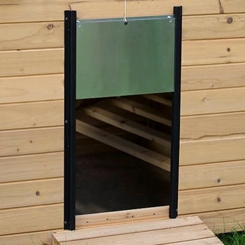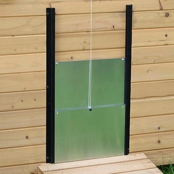 This space-saving 2-stage sliding coop door is suitable for nearly all coops and easy to fit with the 6 screws provided.
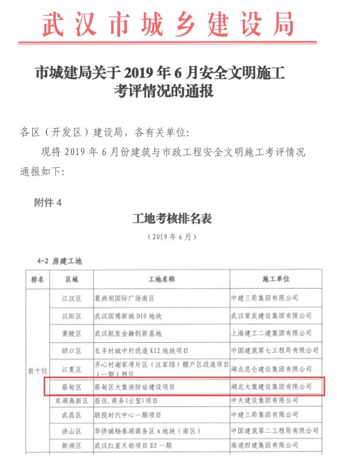 近日,武漢市城鄉(xiāng)建設(shè)局對2019年6月安全文明施工考評情況進(jìn)行通報。在全市被抽查的372個房建工地中,由湖北大集建設(shè)集團(tuán)承建的大集消防站工程表現(xiàn)突出,得分排名第六位,并受到蔡甸區(qū)建管站的表揚與好評。
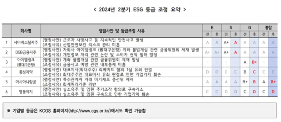 한국ESG기준원(KCGS)는 지난 11일 2분기 ESG 평가·등급 소위원회를 개최, 총 6개사의 ESG 등급을 하향 조정했다고 15일 밝혔다.
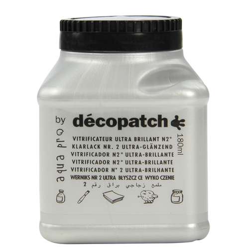 DÉCOPATCH Aquapro Klarlack ist ein geruchsneutraler Lack auf Wasserbasis und in hochglänzend, seidenmatt und matt erhältlich. Der Aquapro-Klarlack macht alle gepatchten Objekte wasser- und wetterfest.

**Required work**
Your copy should hold only the lines from the line with "近日,武漢市城鄉(xiāng" through the end of the data above, both ends included, transcribed exactly and without pictures.

**Expected output**
 近日,武漢市城鄉(xiāng)建設(shè)局對2019年6月安全文明施工考評情況進(jìn)行通報。在全市被抽查的372個房建工地中,由湖北大集建設(shè)集團(tuán)承建的大集消防站工程表現(xiàn)突出,得分排名第六位,并受到蔡甸區(qū)建管站的表揚與好評。
 한국ESG기준원(KCGS)는 지난 11일 2분기 ESG 평가·등급 소위원회를 개최, 총 6개사의 ESG 등급을 하향 조정했다고 15일 밝혔다.
 DÉCOPATCH Aquapro Klarlack ist ein geruchsneutraler Lack auf Wasserbasis und in hochglänzend, seidenmatt und matt erhältlich. Der Aquapro-Klarlack macht alle gepatchten Objekte wasser- und wetterfest.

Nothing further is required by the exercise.